This repository provides recognition models for the Sorbian languages, supporting both Latin script and Fraktur script. It will provide training data in the near future.
- Pretrained models for different OCR frameworks (currently Tesseract only)
- soon: Training data for creating new OCR models
- ✅ Models for Tesseract are available
- ⏳ Models for Calamari and Kraken will be added soon
This repository provides Tesseract OCR models for Upper Sorbian, trained and fine-tuned at the Sorbian Institute.
Both Latin and Fraktur script variants are available.
-
hsb2.traineddata
Upper Sorbian (Latin script), v2
Fine-tuned from the official Latin.traineddata (tessdata).
Recommended for modern Sorbian texts (printed in Latin script). -
hsb_frak2.traineddata
Upper Sorbian (Fraktur script), v2
Fine-tuned from the official Fraktur.traineddata (tessdata).
Recommended for historical Sorbian Fraktur prints.

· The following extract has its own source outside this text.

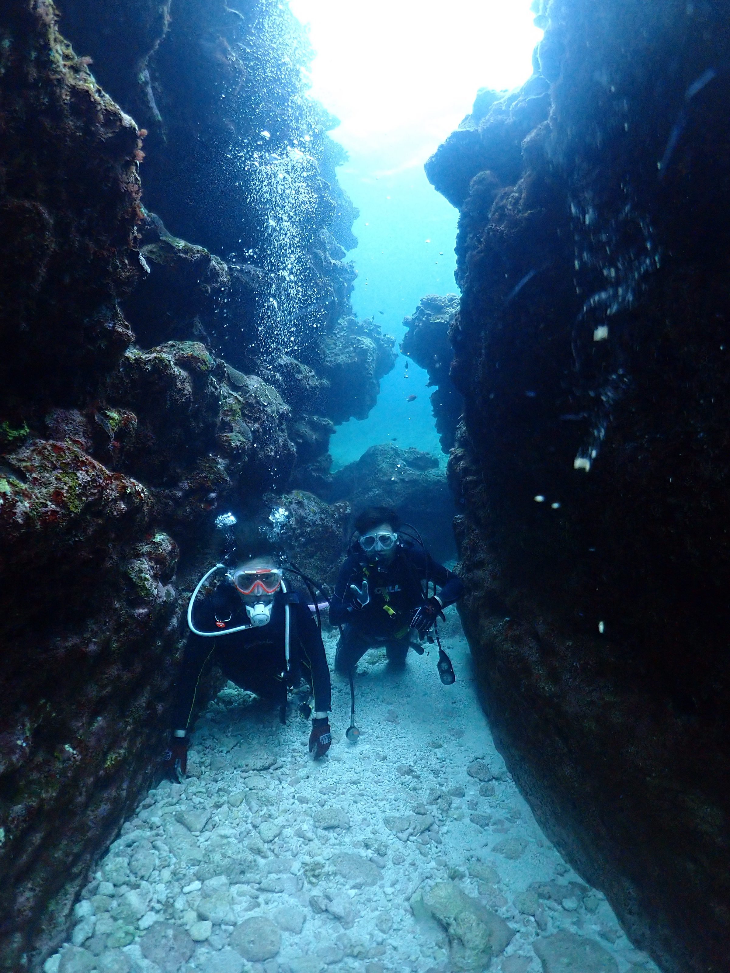2ダイブ目は沢山の亀裂の間を探検です。 時々こんな穴もくぐってきました![]()

Copy the models into your Tesseract tessdata directory.
Linux (Debian/Ubuntu):
sudo cp traineddata/*.traineddata /usr/share/tesseract-ocr/4.00/tessdata/
hsb2 + hsb_frak2 OCR Model © 2025 [Sorbian Institute] – licensed under CC BY 4.0.
Based on the official Tesseract tessdata models Latin and Fraktur,
© Google et al., licensed under the Apache License 2.0.